- Opening Delimiter -
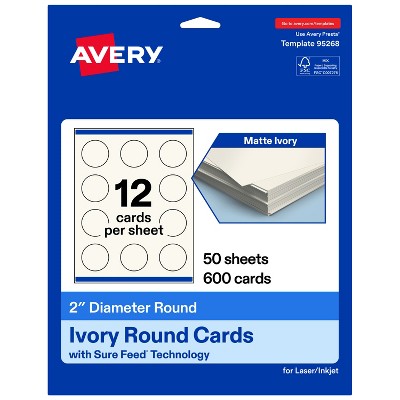 Avery Printable Matte White Cards with Sure Feed, 2" Diameter Round
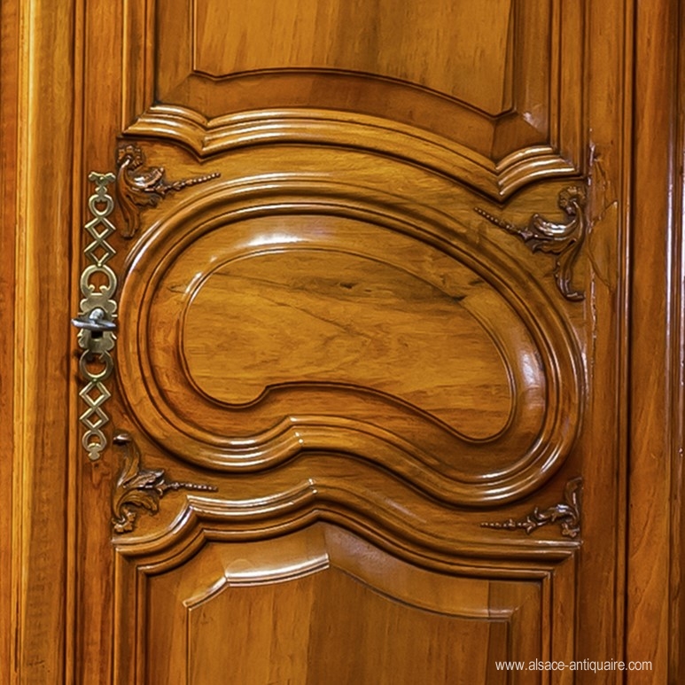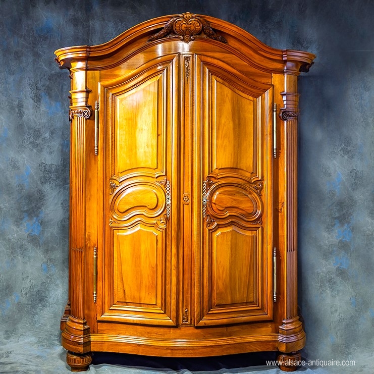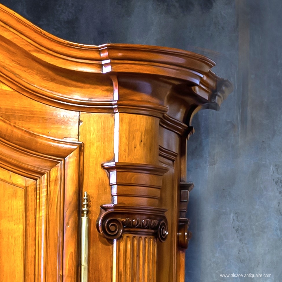 Exceptional walnut quality for this gendarme hat cupboard, curved front and sides. The large fluted corner pilasters, topped with Ionic capitals, recall the design of masterful masterpieces distributed in the 18th century by the corporation of French carpenters in Strasbourg. The pediment is topped with a cartouche flanked by laurel wreaths, in the center of which initials. The motif of the doors is with kidneys, the corner fittings are finely carved with beaded foliage. The sides are paneled, in the center an oval medallion. The feet are top-shaped, typical of the Strasbourg Louis XVI style. Beautiful cremone and period lock. Alsace Strasbourg Epoque XVIII th century.
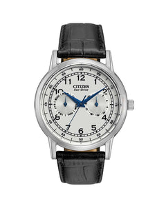 Read MoreBuilt from tough stainless steel and featuring a white dial with black markings, silver toned bezel and sleek black oxhide leather strap for comfort, this watch represents sophisticated performance with classic styling. Batteries are never required thanks to Eco-Drive technology, which draws energy from any light source, further reducing weight and adding to the allure of this gorgeous watch.
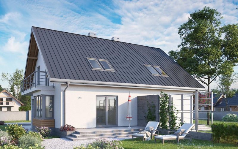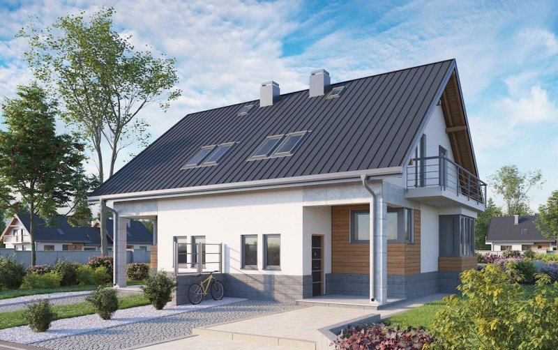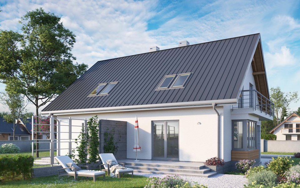 Projekt domu Beza Duo to jedna z najprostszych koncepcji parterowego domu z użytkowym poddaszem przeznaczona do zabudowy bliźniaczej (w granicy działki). Decyduje o tym nie tylko oszczędna powierzchnia i wąski, wydłużony w kierunku prostopadłym do drogi dojazdowej rzut, ale także brak garażu. Miejsce do parkowania przewidziano przed oknami sieni, pozostawiając dostęp do wejścia głównego w podcieniu z wysokim słupem (podobne rozwiązanie ale zabudowane garażem ma Juta Duo). Prosta bryła z ekonomicznym dwuspadowym dachem bez lukarn obejmuje strefę życia rodzinnego z łazienką na parterze oraz trzy sypialnie dla czterech osób i łazienkę na poddaszu. Połączone w jednoprzestrzenne pomieszczenie: salon, kuchnia, hol i schody maksymalnie wykorzystują miejsce tworząc atrakcyjne, nowoczesne wnętrze. Przeszklony ryzalit, niosący balkon w ścianie szczytowej, jest jedynym, obok frontowej wnęki, urozmaiceniem sylwetki Bezy. Różnica poziomów między sienią a głównym poziomem parteru w projekcie domu Beza Duo dobrze wykorzysta niewielki spadek działki w kierunku wjazdu. Elewacja frontowa jest dzięki temu wyższa i nadaje bryle miejski charakter.
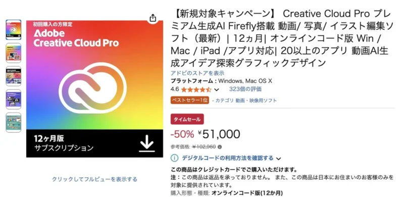 今回のセールは原則として「新規契約者のみ」が対象で、アドビ公式ストアでは既存ユーザーの買い直しは不可としている。しかし、Amazonでも同時にセールが行われており、その扱いが少し異なる。
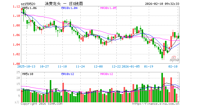 2月10日,消费龙头ETF工银(159520)开盘涨0.09%,报1.058元。消费龙头ETF工银(159520)重仓股方面,贵州茅台开盘涨0.00%,美的集团涨0.06%,伊利股份跌0.18%,格力电器涨0.00%,牧原股份跌0.41%,福耀玻璃涨0.03%,赛力斯涨0.90%,海尔智家涨0.31%,中国中免跌0.36%,温氏股份涨0.00%。
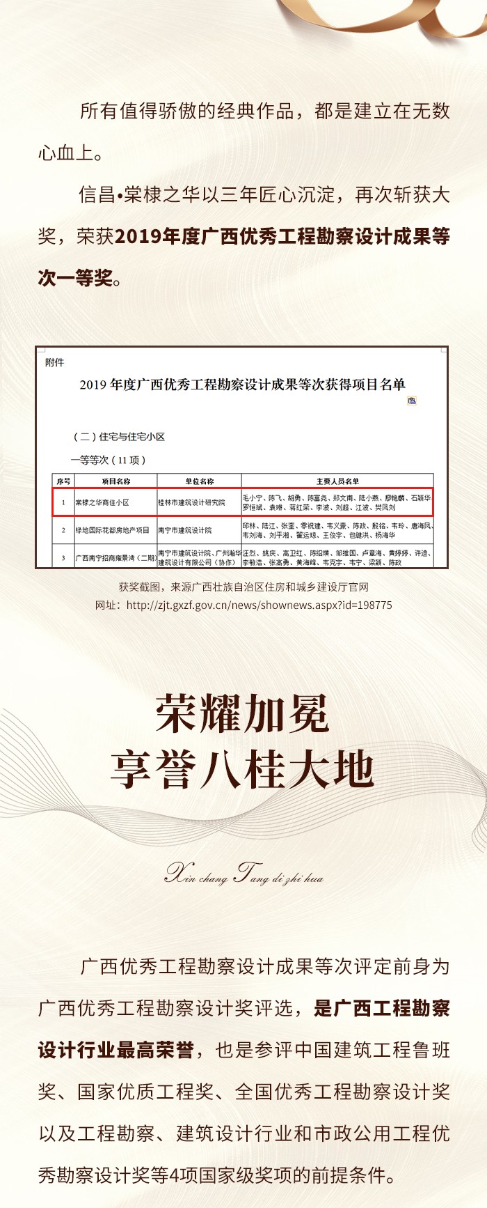 再斬殊榮!棠棣之華囊獲2019年度廣西優(yōu)秀工程勘察設(shè)計成果等次一等獎
- Closing Delimiter -
**Task description**
Only the text of the listing should be returned, exactly and in full; no image goes into the copy.

**Task response**
 Avery Printable Matte White Cards with Sure Feed, 2" Diameter Round
 Exceptional walnut quality for this gendarme hat cupboard, curved front and sides. The large fluted corner pilasters, topped with Ionic capitals, recall the design of masterful masterpieces distributed in the 18th century by the corporation of French carpenters in Strasbourg. The pediment is topped with a cartouche flanked by laurel wreaths, in the center of which initials. The motif of the doors is with kidneys, the corner fittings are finely carved with beaded foliage. The sides are paneled, in the center an oval medallion. The feet are top-shaped, typical of the Strasbourg Louis XVI style. Beautiful cremone and period lock. Alsace Strasbourg Epoque XVIII th century.
 Read MoreBuilt from tough stainless steel and featuring a white dial with black markings, silver toned bezel and sleek black oxhide leather strap for comfort, this watch represents sophisticated performance with classic styling. Batteries are never required thanks to Eco-Drive technology, which draws energy from any light source, further reducing weight and adding to the allure of this gorgeous watch.
 Projekt domu Beza Duo to jedna z najprostszych koncepcji parterowego domu z użytkowym poddaszem przeznaczona do zabudowy bliźniaczej (w granicy działki). Decyduje o tym nie tylko oszczędna powierzchnia i wąski, wydłużony w kierunku prostopadłym do drogi dojazdowej rzut, ale także brak garażu. Miejsce do parkowania przewidziano przed oknami sieni, pozostawiając dostęp do wejścia głównego w podcieniu z wysokim słupem (podobne rozwiązanie ale zabudowane garażem ma Juta Duo). Prosta bryła z ekonomicznym dwuspadowym dachem bez lukarn obejmuje strefę życia rodzinnego z łazienką na parterze oraz trzy sypialnie dla czterech osób i łazienkę na poddaszu. Połączone w jednoprzestrzenne pomieszczenie: salon, kuchnia, hol i schody maksymalnie wykorzystują miejsce tworząc atrakcyjne, nowoczesne wnętrze. Przeszklony ryzalit, niosący balkon w ścianie szczytowej, jest jedynym, obok frontowej wnęki, urozmaiceniem sylwetki Bezy. Różnica poziomów między sienią a głównym poziomem parteru w projekcie domu Beza Duo dobrze wykorzysta niewielki spadek działki w kierunku wjazdu. Elewacja frontowa jest dzięki temu wyższa i nadaje bryle miejski charakter.
 今回のセールは原則として「新規契約者のみ」が対象で、アドビ公式ストアでは既存ユーザーの買い直しは不可としている。しかし、Amazonでも同時にセールが行われており、その扱いが少し異なる。
 2月10日,消费龙头ETF工银(159520)开盘涨0.09%,报1.058元。消费龙头ETF工银(159520)重仓股方面,贵州茅台开盘涨0.00%,美的集团涨0.06%,伊利股份跌0.18%,格力电器涨0.00%,牧原股份跌0.41%,福耀玻璃涨0.03%,赛力斯涨0.90%,海尔智家涨0.31%,中国中免跌0.36%,温氏股份涨0.00%。
 再斬殊榮!棠棣之華囊獲2019年度廣西優(yōu)秀工程勘察設(shè)計成果等次一等獎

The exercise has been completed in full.